The NY Times reports on new web-based services at university libraries that are incorporating features such as personalized recommendations, browsing histories, and email alerts, the sort of thing developed by online retailers like Amazon and Netflix to recreate some of the experience of browsing a physical store. Remember Ranganathan’s fourth law of library science: “save the time of the reader.” The reader and the customer are perhaps becoming one in the same.
It would be interesting if a social software system were emerging for libraries that allowed students and researchers to work alongside librarians in organizing the stacks. Automated recommendations are just the beginning. I’m talking more about value added by the readers themselves (Amazon has does this with reader reviews, Listmania, and So You’d Like To…). A social card catalogue with a tagging system and other reader-supplied metadata where readers could leave comments and bread crumb trails between books. Each card catalogue entry with its own blog and wiki to create a context for the book. Books are not just surrounded by other volumes on the shelves, they are surrounded by people, other points of view, affinities — the kinds of thing that up to this point were too vaporous to collect. This goes back to David Weinberger’s comment on metadata and Google Book Search.
hmmm. i wonder if a smart hacker on some library’s staff has used Amazon’s APIs to link the Amazon user database to the library’s card catalog? seems like a natural development. also, wonder if anyone has done any work linking library card catalogs to related resources on the web. i’m not talking about an unstructured Google search, but handmade links on impt. topics; e.g. if someone is researching the debate on evolution, might they be referred to PZ Myers, Pharyngula?

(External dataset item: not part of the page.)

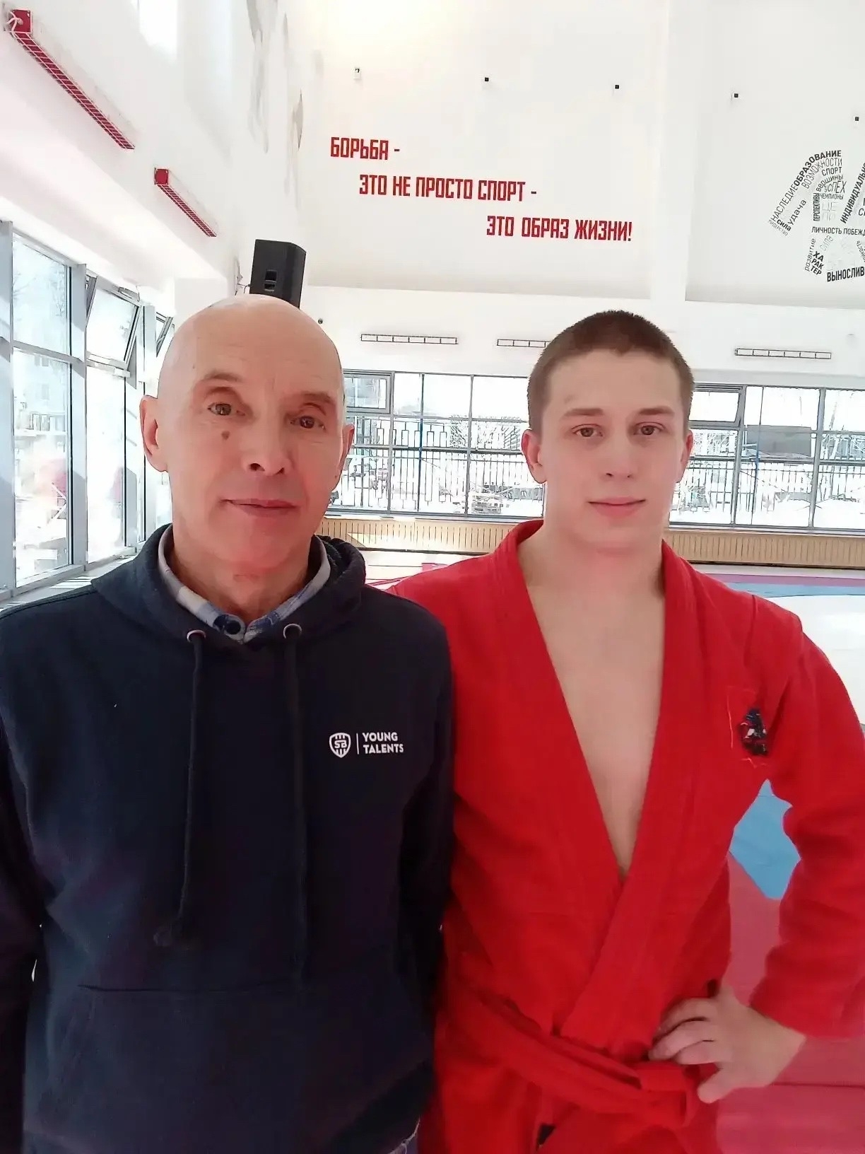 На фото Григорий Петрович с Кучаевым Антоном Юрьевичем, старшим тренером СК «Моя система» мастером спорта России по самбо, мастером спорта России по джиу-джитсу, обладателем черного пояса по бразильскому джиу-джитсу. Также Григорий Петрович сделал фото с Литвиновым Романом, мастером спорта международного класса по САМБО, чемпионом мира 2025 по самбо.

Your post reminds me of why I like Billy Collins’s poem, “Marginalia.” The poem points to the conversations that take place as readers jot their reactions in the margins of books,
The comments in the margin show the arguments and interactions we’d like to see between readers and writers, but in the end what matters are the human traces we might find in books.
I like the question you raise about reader-tagged possibilities for libraries. Thinking about that kind of filtering in terms of how library users go about searching really highlights the need for anyone concerned with research to try to make sense of some of these changes that are happening. What do we make of and how might we reshape those connections from the margins.
Not just online retail. Look at the Seattle Public Library. Or the work that MAYA did for the Carnegie Libraries. It’s clear that they are influenced by the third-place success of Barnes and Noble and Borders.